Pulp has never disappointed in showcasing the best in Philippine music. By combining well-written, forthright articles with over-the-top photo shoots, it has succeeded in recreating, cataloging and immortalizing some of OPM’s most iconic artists. The images can be haunting. Who will ever forget the photo of a zombie-fied Pepe Smith wearing a crusty old wedding gown while holding a flaming bouquet? Or the members of Rivermaya, sporting Yakuza tattoos, and eating sushi off a naked girl hoisted up by a trio of midgets? Or of Jamir Garcia, lead vocalist of Slapshock, holding the bloody head of a pig? Even the “no pose, no care” look of the Eraserheads in one Pulp shoot made for an unforgettable image.
You may have missed some Pulp issues over these past 10 years, but fortunately, the extraordinary images find themselves in a book commemorating Pulp’s 10th anniversary. “Panty-dropping, music-making history” touts the cover and you suddenly discern that the cover photo is of a lady’s undergarment. Flip the page over and you are greeted by a large, long, bloody cow tongue. This is unexpected and you laugh at the insinuation.
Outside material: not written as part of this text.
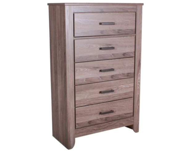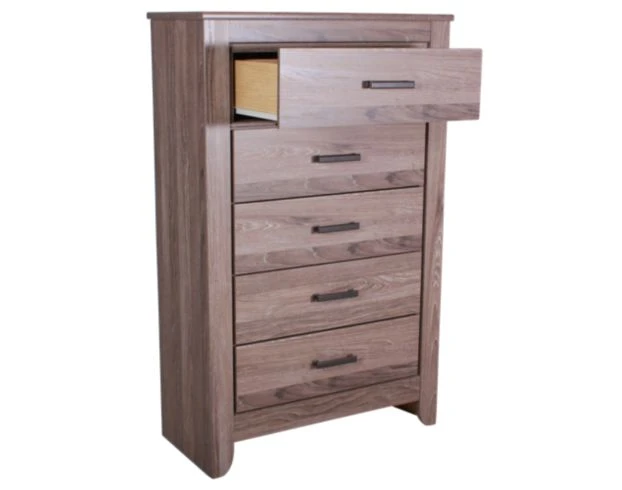 Add casual style and ample storage to your bedroom with this chest. The vintage-inspired design features five spacious drawers with smooth side glides and aged pewter hardware. The warm gray finish showcases the clean lines and white wax details, creating a cozy, contemporary look. Additional features include: side roller glides, aged pewter hardware, laminate construction

True to form, Pulp shocks the prudes with its startling visual imagery. But of course.
It is precisely because of its visual wit that Pulp’s 10th anniversary book can hold its own alongside the best. The photos in the compilation combine elements of art and entertainment, and the reader will be eager to turn to the next page — to see if the following photo can top the last one. Rock stars make for some of the best pictures. The stories that their photos tell are complicated, compelling and strange.
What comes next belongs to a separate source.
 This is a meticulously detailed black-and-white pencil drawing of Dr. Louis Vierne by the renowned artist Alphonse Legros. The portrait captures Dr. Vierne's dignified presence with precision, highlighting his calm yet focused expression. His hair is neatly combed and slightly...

My only complaint about the book is the scarcity and brevity of text so that the articles don’t even get up to a hundred words. Vernon Go must have had the old adage “a picture is worth a thousand words” playing in his head the entire time this book was being produced. But he is the mastermind behind Pulp and after 10 years, he still knows what will startle.
Undoubtedly, the book is effective in stimulating certain memories. While going through it, I laughingly remembered past, testosterone-fueled expeditions to buy the issue of Pulp that featured Ruru Kiram, Anna Jebb, and Avi Siwa. Seeing photos of Karl Roy and Kapatid made me rummage through old CDs for P.O.T. and Kapatid albums that were signed by the artists. I popped these into the player, turned the volume up and went back to the past.
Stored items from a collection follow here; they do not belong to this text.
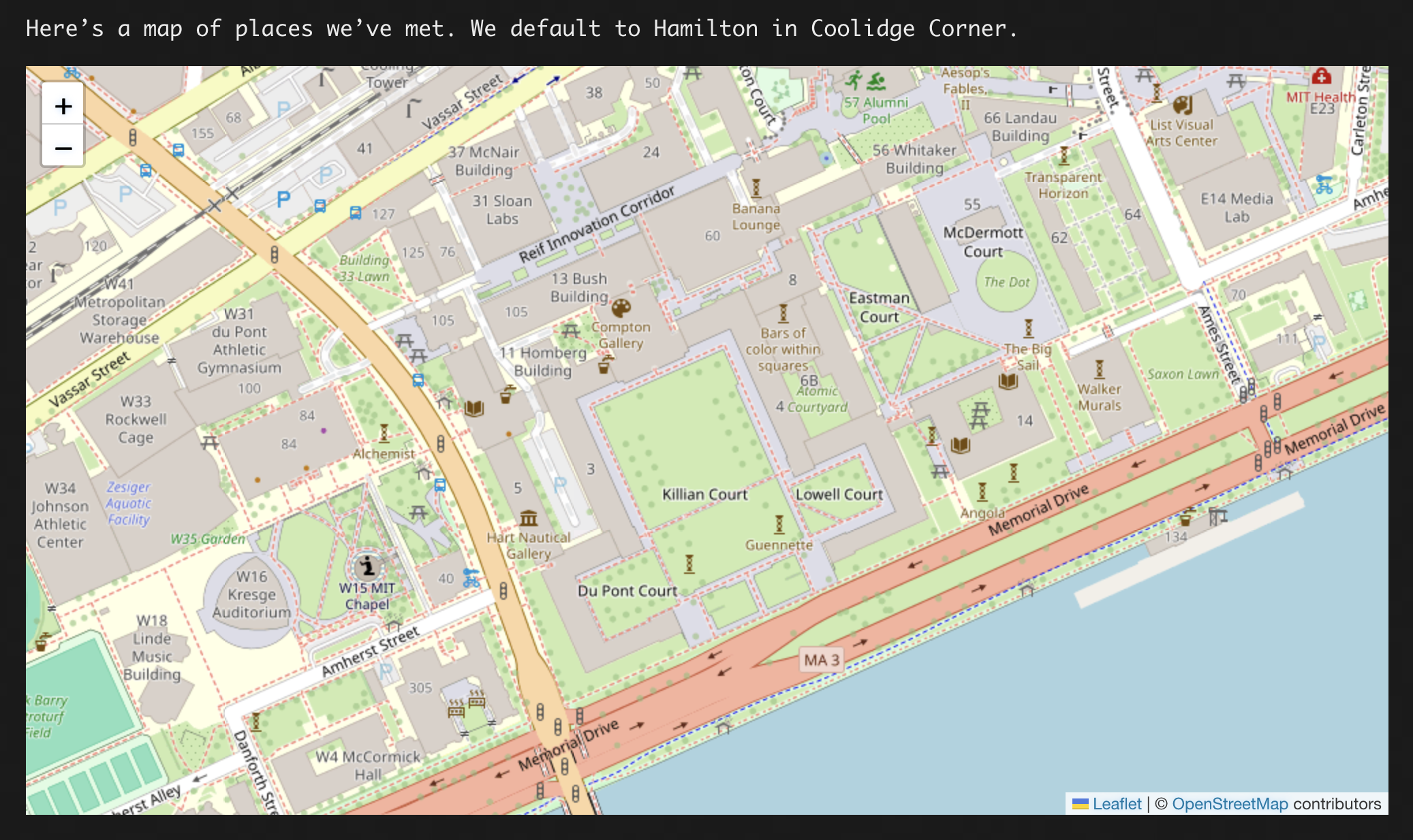 Maybe the marker could be bigger the more often we've met at the same place to convey where we meet most often. ![]()
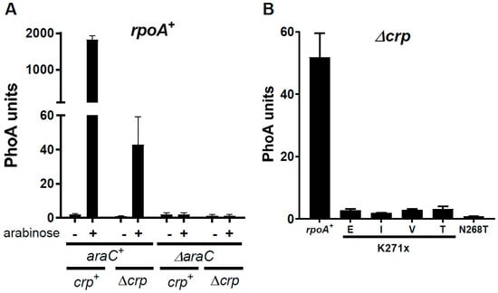 Both AraC and Crp promote transcription from the PBAD promoter in the presence of arabinose [,]. While AraC is absolutely required, a 20- to 40-fold reduction in expression can be detected in an rpoA+ strain in the absence of Crp (Figure 3A). Quantification of phoA expression from the PBAD promoter in strains deleted for crp and carrying five alleles of rpoA demonstrated a strong reduction of promoter activity with the four substitutions of K271, while the N268T mutation totally abolishes expression (Figure 3B). These findings imply that the α-CTD is required for PBAD transcription in the absence of Crp.
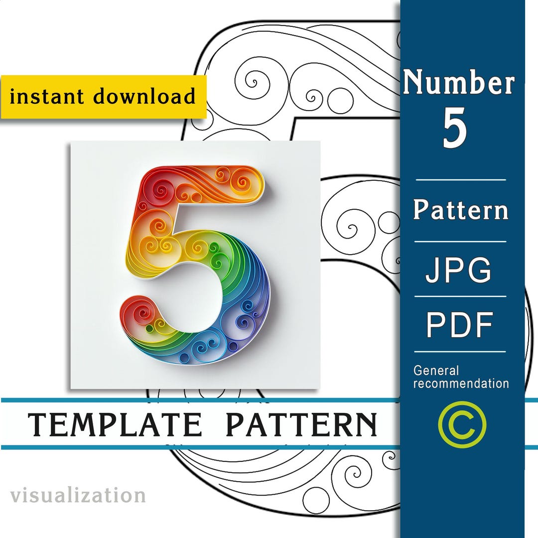 Quilling Number 5 Template – Printable Paper Craft Pattern (digital ...

And then, I remember one issue that printed reader’s letters from an exclusive Catholic girls’ school. That certainly made for very entertaining reading. The teacher required that students write to the magazine to tell the folks at Pulp to stop printing photos of scantily-clad women, and to stop using so much blood in their pictorials. I believe the teacher even referred to Pulp as “demonic.” Funny.
The lesson of Pulp is that counterculture is important. People need be shaken up and removed from comfort zones. Creativity thrives if no boundaries are set. Cheers to Pulp! May you ruffle feathers, blow minds and shock people out of their pants for a hundred years.